Items from a dataset
+++++
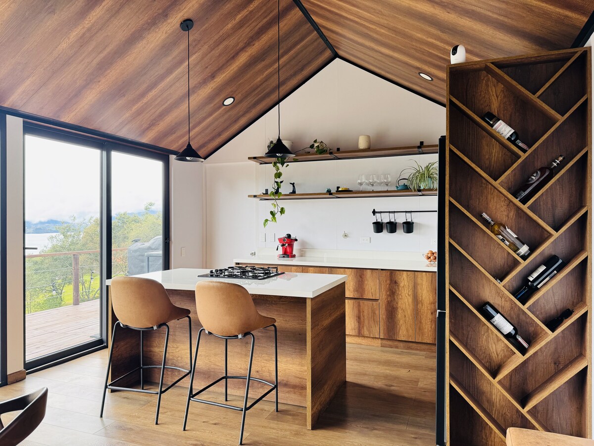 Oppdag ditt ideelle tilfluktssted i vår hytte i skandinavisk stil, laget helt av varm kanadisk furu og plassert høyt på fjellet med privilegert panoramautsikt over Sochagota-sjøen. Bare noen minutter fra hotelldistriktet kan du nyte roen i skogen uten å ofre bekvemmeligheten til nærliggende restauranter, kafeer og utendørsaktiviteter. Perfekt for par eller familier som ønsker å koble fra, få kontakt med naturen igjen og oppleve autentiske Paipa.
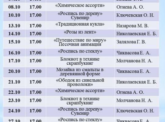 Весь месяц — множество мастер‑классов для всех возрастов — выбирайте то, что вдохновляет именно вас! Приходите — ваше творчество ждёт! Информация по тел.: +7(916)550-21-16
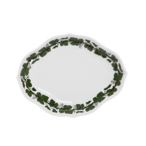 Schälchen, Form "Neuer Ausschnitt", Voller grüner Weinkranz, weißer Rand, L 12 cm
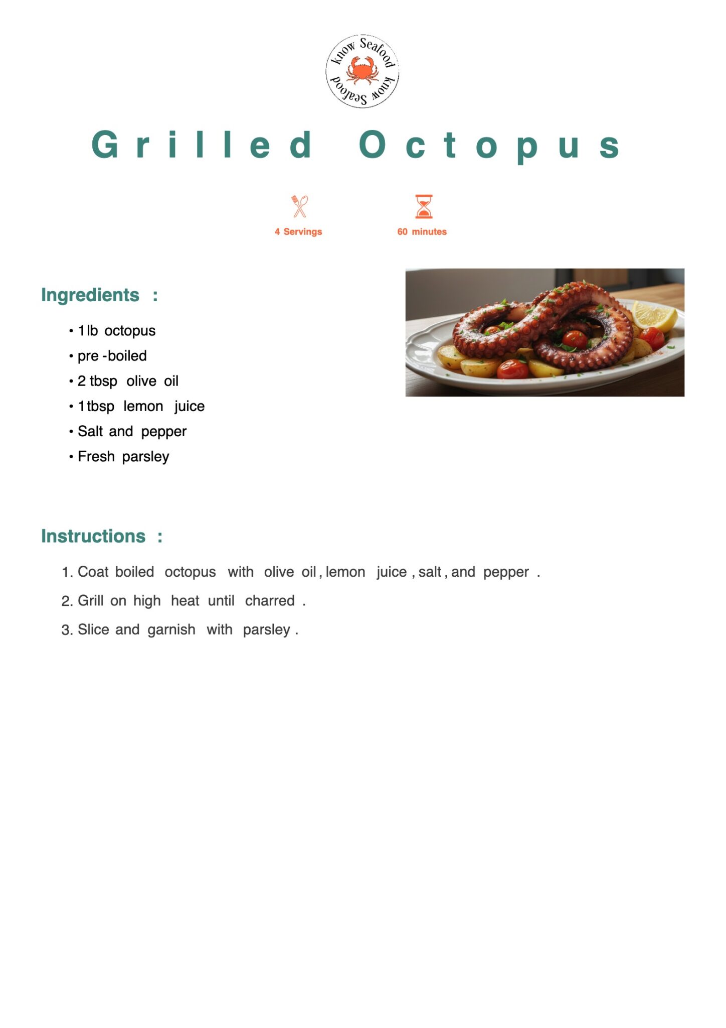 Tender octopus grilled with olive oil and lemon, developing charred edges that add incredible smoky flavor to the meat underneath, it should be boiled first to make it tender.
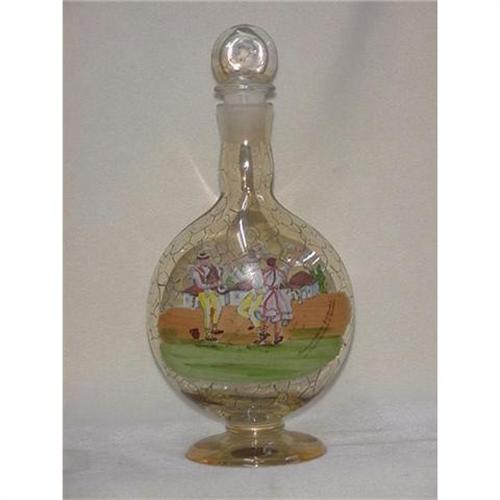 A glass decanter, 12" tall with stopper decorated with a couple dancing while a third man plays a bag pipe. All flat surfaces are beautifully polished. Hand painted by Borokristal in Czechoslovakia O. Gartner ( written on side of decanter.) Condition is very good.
+++++
> _TASK DIRECTIONS_:
An exact copy of the records above is needed, free of pictures.

> _RESPONSE TO THIS TASK_:
 Oppdag ditt ideelle tilfluktssted i vår hytte i skandinavisk stil, laget helt av varm kanadisk furu og plassert høyt på fjellet med privilegert panoramautsikt over Sochagota-sjøen. Bare noen minutter fra hotelldistriktet kan du nyte roen i skogen uten å ofre bekvemmeligheten til nærliggende restauranter, kafeer og utendørsaktiviteter. Perfekt for par eller familier som ønsker å koble fra, få kontakt med naturen igjen og oppleve autentiske Paipa.
 Весь месяц — множество мастер‑классов для всех возрастов — выбирайте то, что вдохновляет именно вас! Приходите — ваше творчество ждёт! Информация по тел.: +7(916)550-21-16
 Schälchen, Form "Neuer Ausschnitt", Voller grüner Weinkranz, weißer Rand, L 12 cm
 Tender octopus grilled with olive oil and lemon, developing charred edges that add incredible smoky flavor to the meat underneath, it should be boiled first to make it tender.
 A glass decanter, 12" tall with stopper decorated with a couple dancing while a third man plays a bag pipe. All flat surfaces are beautifully polished. Hand painted by Borokristal in Czechoslovakia O. Gartner ( written on side of decanter.) Condition is very good.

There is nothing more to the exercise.